A decade is a long time

A decade is a long time.

For many, it's a generation.

For my current students, it's a lifetime.

For me, it's a career.

For those who lost their loved ones in the 9-11 attacks, it is 3,650 days filled with painful memories and mourning.

But it's also a very short time.

It passes in the blink of an eye, leaving a changed world in its path.

We all remember where we were and what we were doing on this day ten years ago. I was just beginning my teaching career in a small middle school in Marathon, NY. I learned of the events during my 2nd period class from am 8th grade student. This year, ten years later, my students weren't even a year old when it happened. They have only heard about the events through TV and family stories; they have no working memory of that beautiful blue sky September morning when America was savagely attacked on her own native soil. We were all going about our daily business -- teaching, learning, working, driving -- until we became transfixed on our TVs as we watched the horror unfold before our eyes.

Unfortunately, that horror continued to unfold over and over and over again.
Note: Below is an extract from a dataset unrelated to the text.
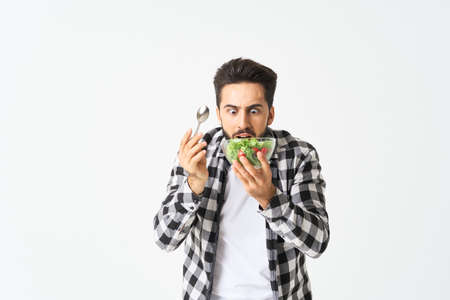 A funny woman eating salad greens. Costume with a plate of salad in his hands. Healthy eating and healthy food

The videos and photos seemed to play in a loop that lasted for days. Eventually that loop slowed and only reappeared on significant anniversaries and events. For those who witnessed the events first-hand or through film, the images are burned forever into our memories. There is no erasing those images from our brains. And, because of this, there is no need to continually show the tragic and heartbreaking images from those days.

As this solemn anniversary approached, I made a conscious decision to NOT watch any 9-11 programming today. The use of such devastating footage serves two purposes: to reopen the scars of those still here and to keep all of us riled up and angry about what happened. It's impossible to heal and move forward when the focus is the horror of the events.

Healing doesn't mean forgetting. Remembering is essential so that we can grow and learn and and honor those who are innocent victims and unsung heroes who were caught in a political crossfire. But remembering doesn't require graphic imagery. It's time to move forward. The world is a different place now than it was 10 years ago. And it's not necessarily a better place or a safer place. An entire generation of young people have only ever known a world in which a war on terror is being fought. Osama bin Laden has always been Enemy #1. Political campaigns have always included questions of just how American each candidate is. Airports have always been invasively "secure," increasingly more and more over the years. And it's always been acceptable to hate, especially if those you hate are of Arabic heritage. Is this what we want for our children? Is this the only world we want them to know?

Those we loved and lost will never be forgotten. But we dishonor their memory by using their tragic fate to fuel hatred and beget violence. My prayers and thoughts go out to each and every person affected by these events -- no matter how directly or indirectly -- and I pray that we, as a nation, learn to move forward and create a world in which our children know peace, love, and safety without the use of guns and fear.